No, in Rindler coordinates (which represent a uniformly accelerated frame in SR), for example, you can calculate that the speed of light varies according to its distance from you, so it is neither constant or equal to c for this observer.
Amaraticando wrote:
Do we know that a frame of reference is inertial by observing that there's not a single body moving at speeds higher than c?
No, a counterexample is the universe expanding with a constant Hubble parameter (steady state). In this setting, the frame is not inertial, and every motion occurs with velocities below c, since velocities higher than that are not in the observable universe. This is a specific feature of this model, though. The thing about reference frames is, you have to postulate whether a given frame is inertial or not. Once you do that, you know that all other frames moving with constant velocity relative to it will be inertial, too. Then you can calculate the physics, do an experiment and see if everything works. If it does, your frame is inertial, if it is not, either your theory is wrong, or you picked the wrong frame to be inertial. In any case, it is experiment that determines the truth, like anything in physics.
marzojr wrote:
In general relativity, things are slightly better: it states that the laws of physics are the same for all reference frames, and defines a local inertial frame to be a freely falling reference frame.
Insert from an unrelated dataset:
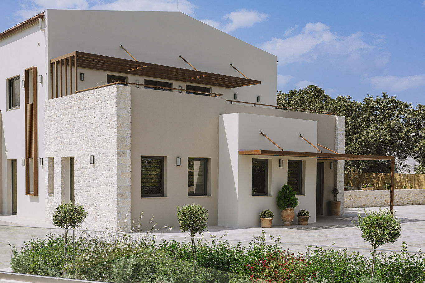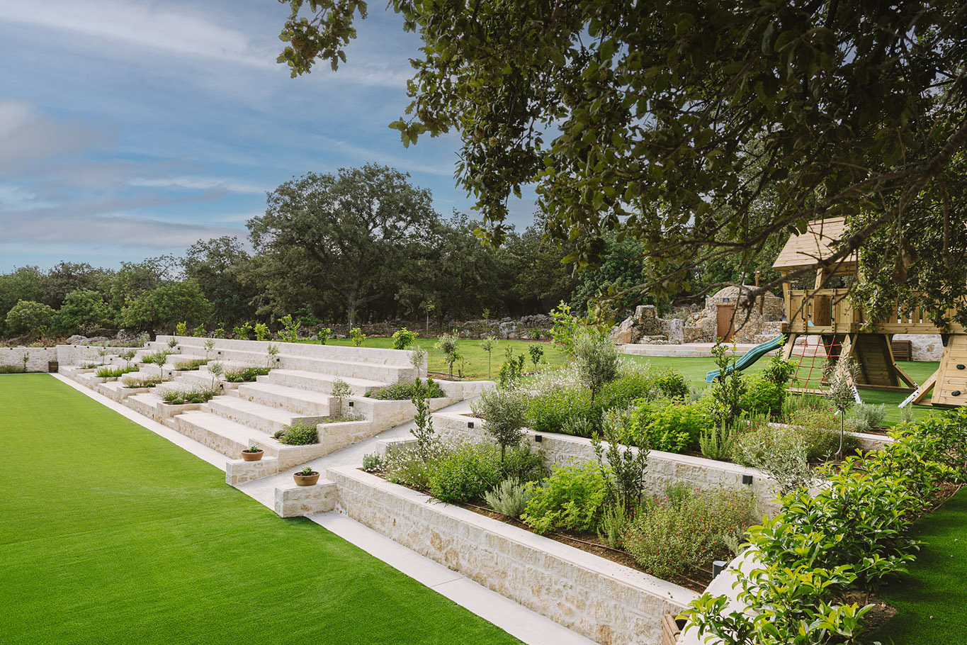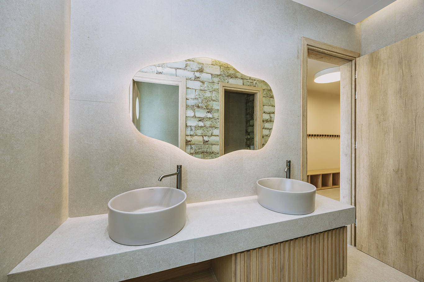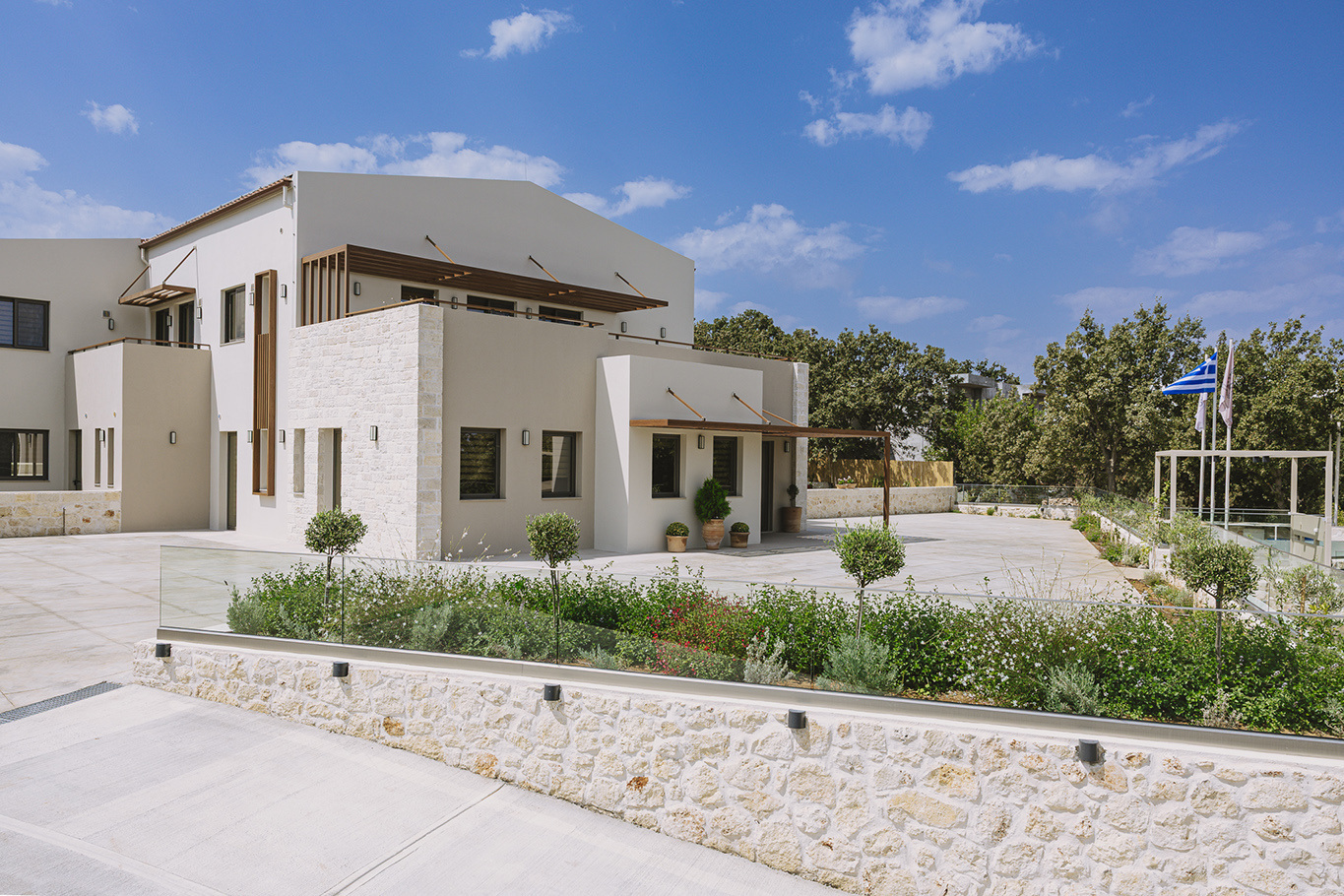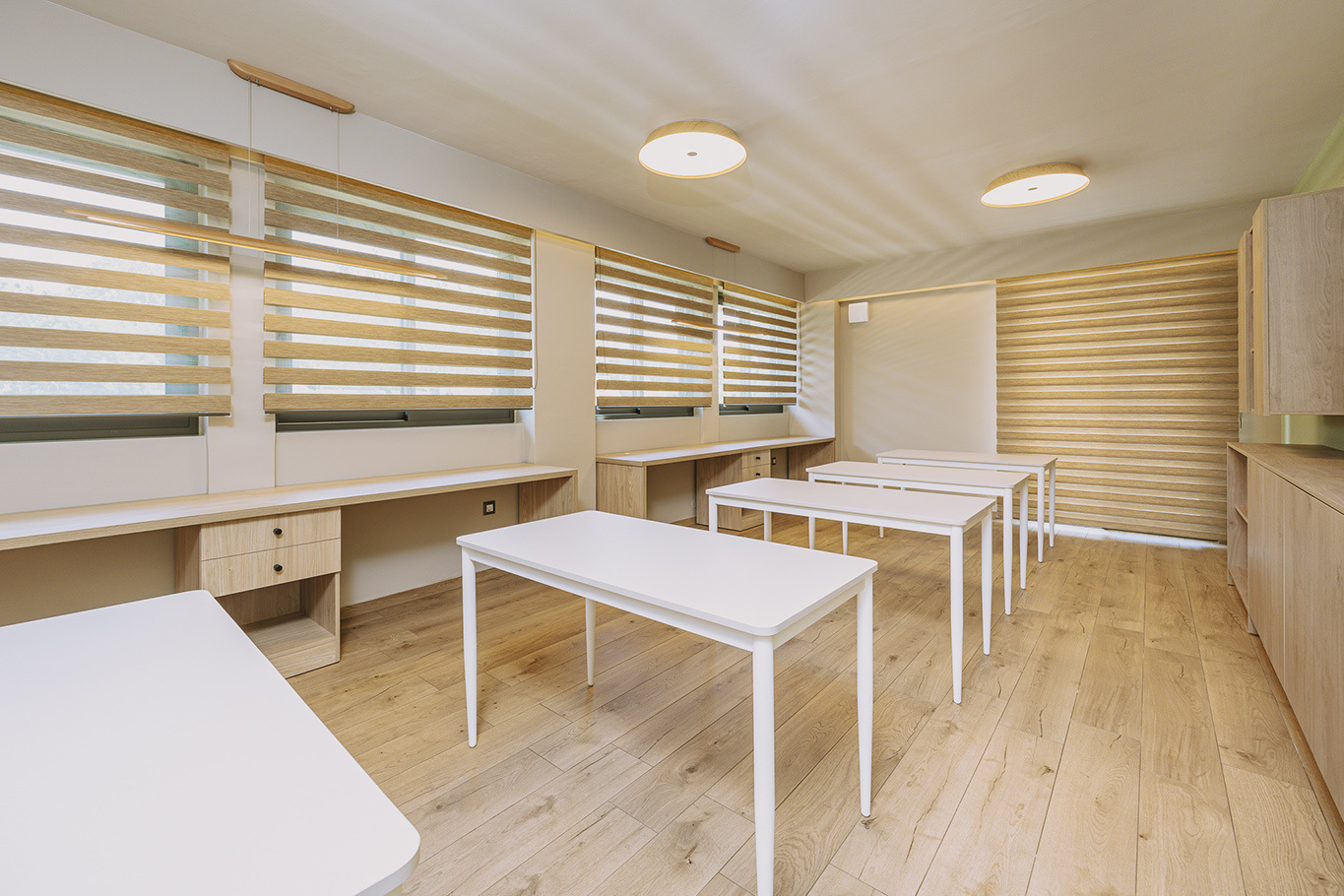 The 600 m2 building blends traditional and modern architectural elements, harmoniously integrated into the natural surroundings. Every area is meticulously designed to facilitate experiential learning, free expression, and children’s development:

I don't agree with this (popular) viewpoint. Every theory can be cast in a way that it's true on an arbitrary frame. For example, pick Newtonian mechanics in an inertial frame and evaluate the path an object will take. Now, go to any other frame and change the theory so that you have forces that make the object follow the same path and, boom, you have exactly the same results without making reference to inertial frames. What GR says is simply that the equations should be "pretty" (i.e. diffeomorphically invariant), if you drop that requirement you can derive any theory that you want. I think GR is better defined by the fact that, unlike other physical theories, the geometry where interactions take place is also dynamical (space-time can store and release energy, etc.).
Player (98)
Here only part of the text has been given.